> [EXERCISE INSTRUCTIONS]: Would you give the entries again word for word, with no pictures in the copy?
◆ ◆ ◆ ◆ ◆
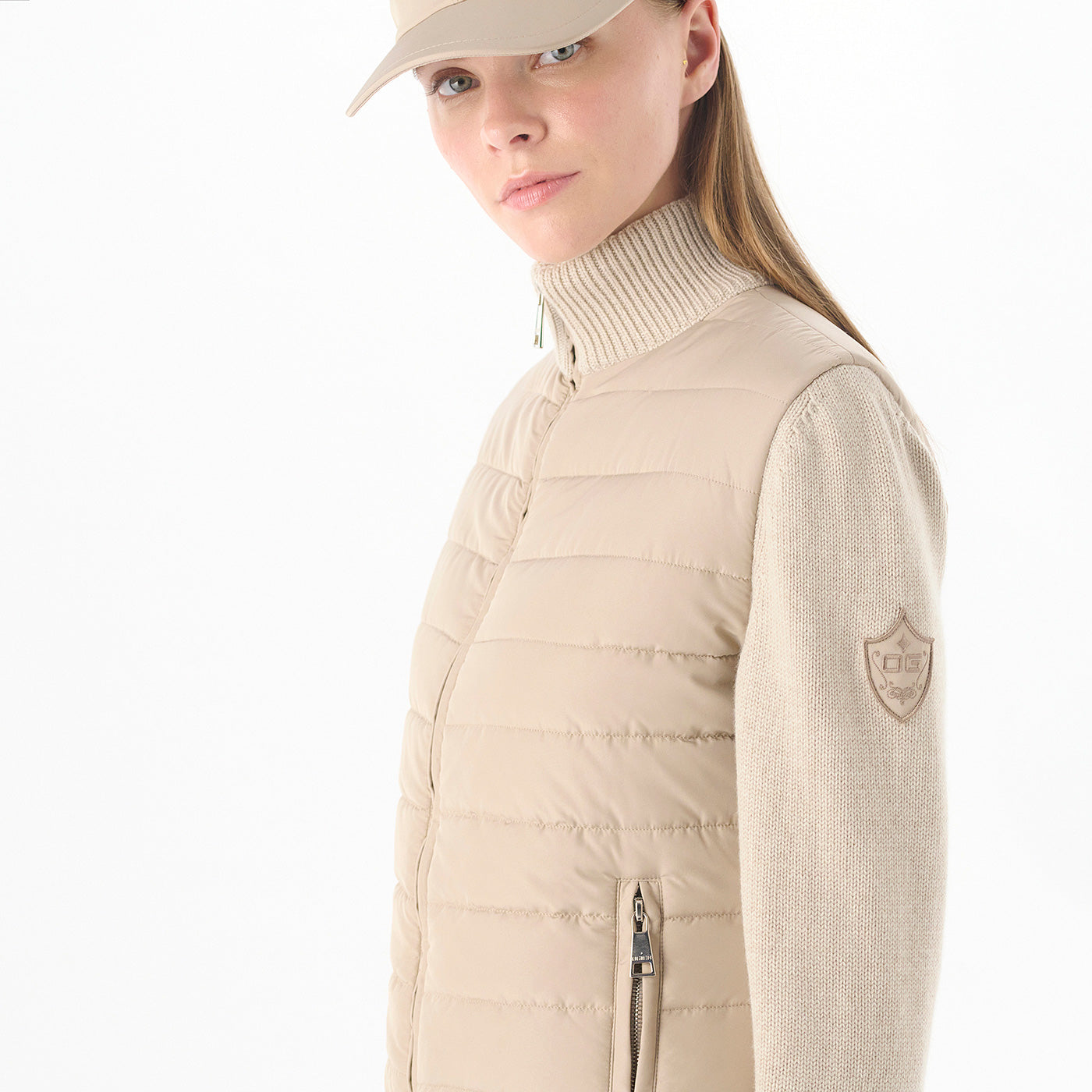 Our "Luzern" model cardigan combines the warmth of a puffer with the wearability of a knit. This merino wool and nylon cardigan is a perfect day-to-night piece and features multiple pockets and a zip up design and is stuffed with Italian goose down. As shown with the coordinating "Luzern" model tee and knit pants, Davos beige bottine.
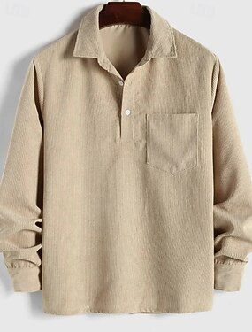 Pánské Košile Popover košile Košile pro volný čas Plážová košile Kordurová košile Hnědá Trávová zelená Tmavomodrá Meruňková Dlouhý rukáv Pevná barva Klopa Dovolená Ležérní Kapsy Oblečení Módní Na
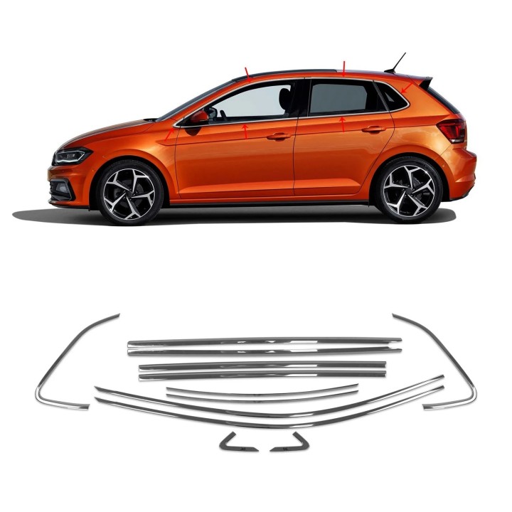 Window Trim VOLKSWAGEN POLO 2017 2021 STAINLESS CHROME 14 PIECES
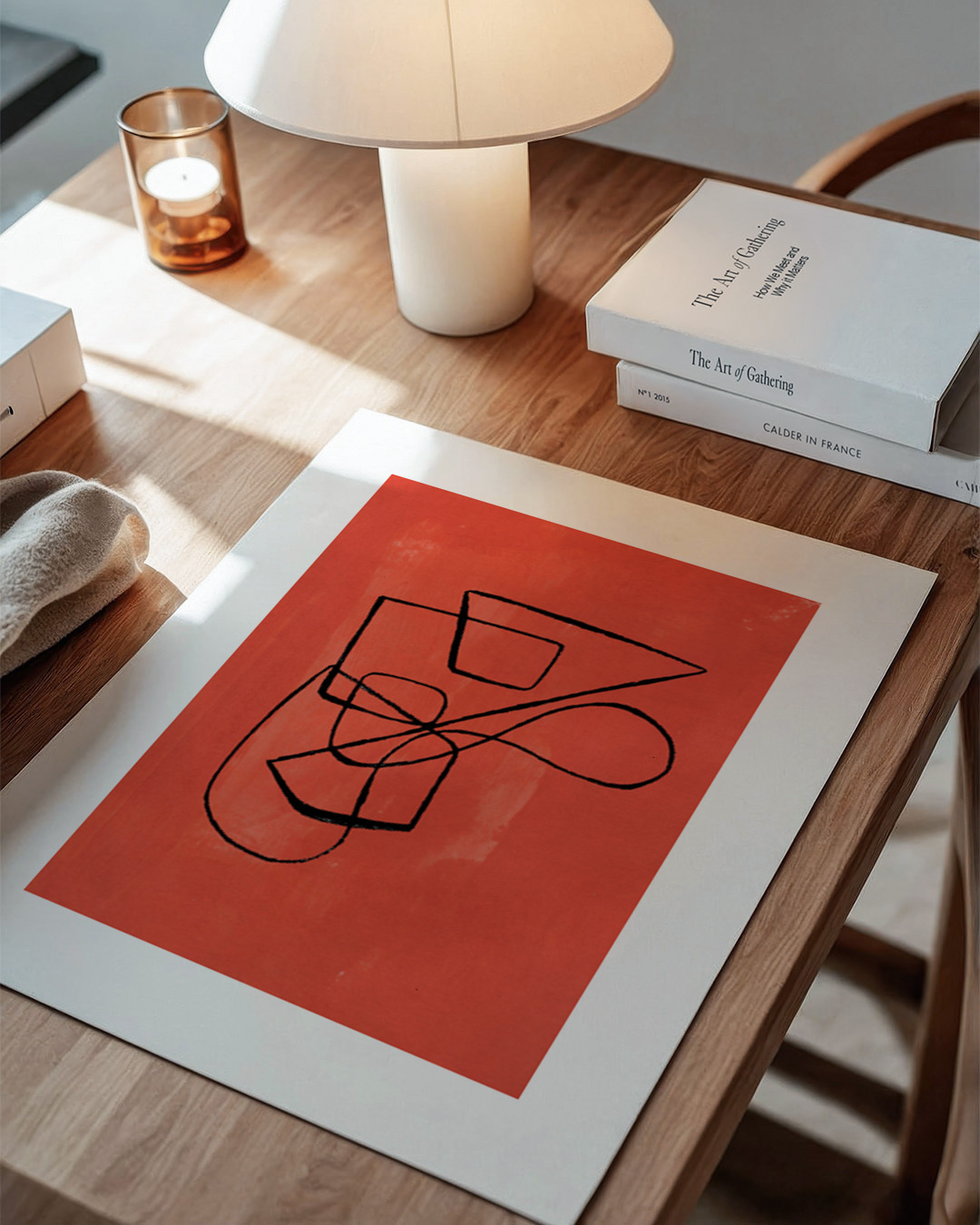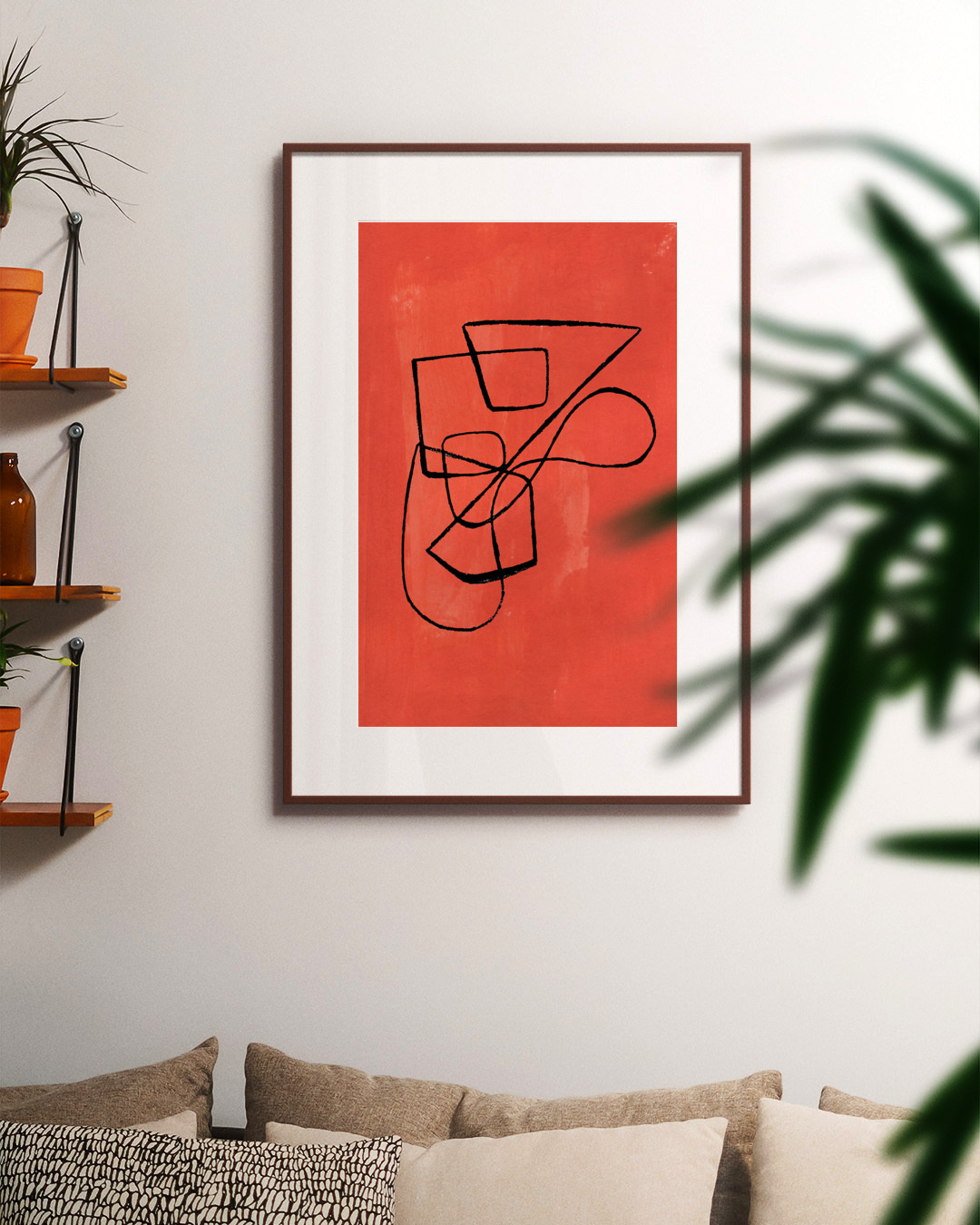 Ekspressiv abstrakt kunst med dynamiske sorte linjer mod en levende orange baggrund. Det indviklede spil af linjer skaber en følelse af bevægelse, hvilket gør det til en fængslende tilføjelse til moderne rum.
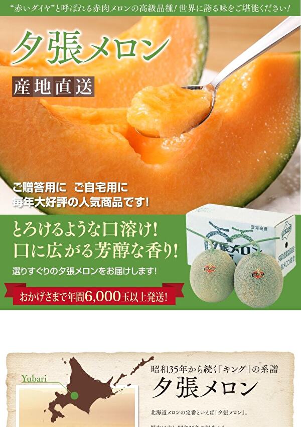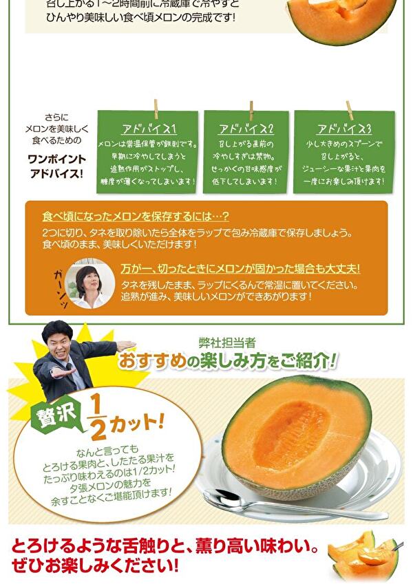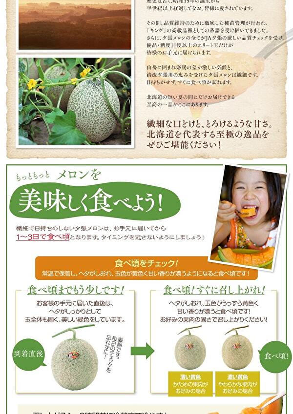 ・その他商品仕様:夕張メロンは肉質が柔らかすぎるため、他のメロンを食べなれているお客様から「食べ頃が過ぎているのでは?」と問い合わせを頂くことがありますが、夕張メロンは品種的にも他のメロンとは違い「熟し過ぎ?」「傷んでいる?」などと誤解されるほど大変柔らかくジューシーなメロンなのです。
◆ ◆ ◆ ◆ ◆
> [TASK OUTPUT]:
 Our "Luzern" model cardigan combines the warmth of a puffer with the wearability of a knit. This merino wool and nylon cardigan is a perfect day-to-night piece and features multiple pockets and a zip up design and is stuffed with Italian goose down. As shown with the coordinating "Luzern" model tee and knit pants, Davos beige bottine.
 Pánské Košile Popover košile Košile pro volný čas Plážová košile Kordurová košile Hnědá Trávová zelená Tmavomodrá Meruňková Dlouhý rukáv Pevná barva Klopa Dovolená Ležérní Kapsy Oblečení Módní Na
 Window Trim VOLKSWAGEN POLO 2017 2021 STAINLESS CHROME 14 PIECES
 Ekspressiv abstrakt kunst med dynamiske sorte linjer mod en levende orange baggrund. Det indviklede spil af linjer skaber en følelse af bevægelse, hvilket gør det til en fængslende tilføjelse til moderne rum.
 ・その他商品仕様:夕張メロンは肉質が柔らかすぎるため、他のメロンを食べなれているお客様から「食べ頃が過ぎているのでは?」と問い合わせを頂くことがありますが、夕張メロンは品種的にも他のメロンとは違い「熟し過ぎ?」「傷んでいる?」などと誤解されるほど大変柔らかくジューシーなメロンなのです。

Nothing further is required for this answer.